Sub-arches like Voyager and Visual workstation have some strange 
initialization requirements, interrupt controllers, and SMP handling.  
Exactly the kind of thing which paravirt_ops is being designed to 
indirect for hypervisors.  In the end, there is no reason it can't be 
expanded to a more general purpose interface that removes the 
requirement to build separate kernels and maintain separate 
sub-architectures for each weird new tweak of i386.  As i386 moves into 
more embedded systems, I would expect to see these new sub-architectures 
begin to grow like a rash.  It's ugly, and hard to maintain.  I've 
broken SGI Visual workstation and Voyager support more than I'd care to 
admit because it is really hard to compile and test all of these 
different variations of i386.  In the end, it will finally be possible 
to compile and run a single i386 kernel binary that is actually capable 
of running on the full set of supported hardware.  This makes every 
distro and maintainers life a lot simpler.
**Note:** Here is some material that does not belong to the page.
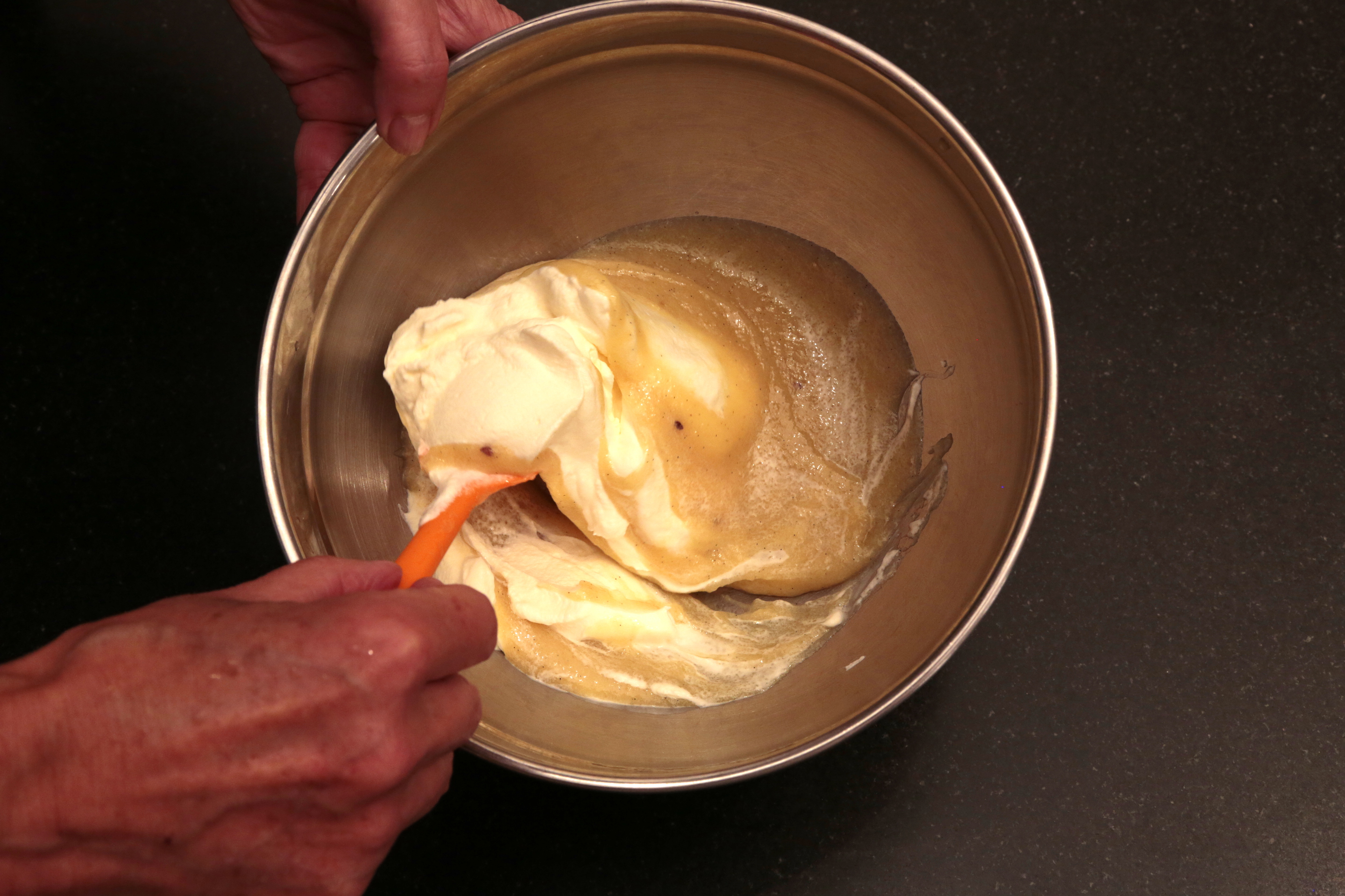 - Incorporez-la délicatement à la crème pâtissière à l’orange à l’aide d’une maryse.

The same approach can be used on x86_64 for paravirtualization, but also 
to abstract out vendor differences between platforms.  Opteron and EMT64 
hardware are quite different, and the plethora of non-standard 
motherboards and uses have already intruded into the kernel.  Having a 
clean interface to encapsulate these changes is also desirable here, and 
once we've nailed down a final approach to achieving this for i386, it 
makes sense to do x86_64 as well.

I'm now talking lightyears into the future, but when the i386 and x86_64 
trees merge together, this layer will be almost identical for the two, 
allowing sharing of tricky pieces of code, like the APIC and IO-APIC, 
NMI handling, system profiling, and power management.  It the interface 
evolves in a nicely packaged and compartmentalized way from that, then 
perhaps someday it can grow to become a true cross-architecture way to 
handle machine abstraction and virtualization.  Then you can compile a 
single kernel which gets assembled to code proto-fragments that are 
dynamically linked together during the boot sequence, using a 
cross-machine translation unit that allows a single kernel to run on 
every current and future processor architecture that mimics some 
combined set of machine characteristics (N-tiered cache coloring, 
multiway hardware page tables, hypercubic interrupt routing, dynamically 
morphed GPUs, quantum hypervisor isolation).  Of course, it will still 
require a PCI bus.

So absolutely we should go in that direction now, and I'm fully 
committed to working on it.  Which is why I wanted feedback on what we 
have to do to make sure our ESX implementation is done in a way that is 
acceptable to the community.  I too would like to push for an interface 
in 2.6.19, and we can't have confusion on this issue be a last minute 
stopper.

Maybe someday Xen and VMware can share the same ABI interface and both 
use a VMI like layer.  But that really is a separate and completely 
orthogonal question.  Paravirt-ops makes any approach to integrating 
hypervisor awareness into the kernel cleaner by providing an appropriate 
abstract interface for it.

Zach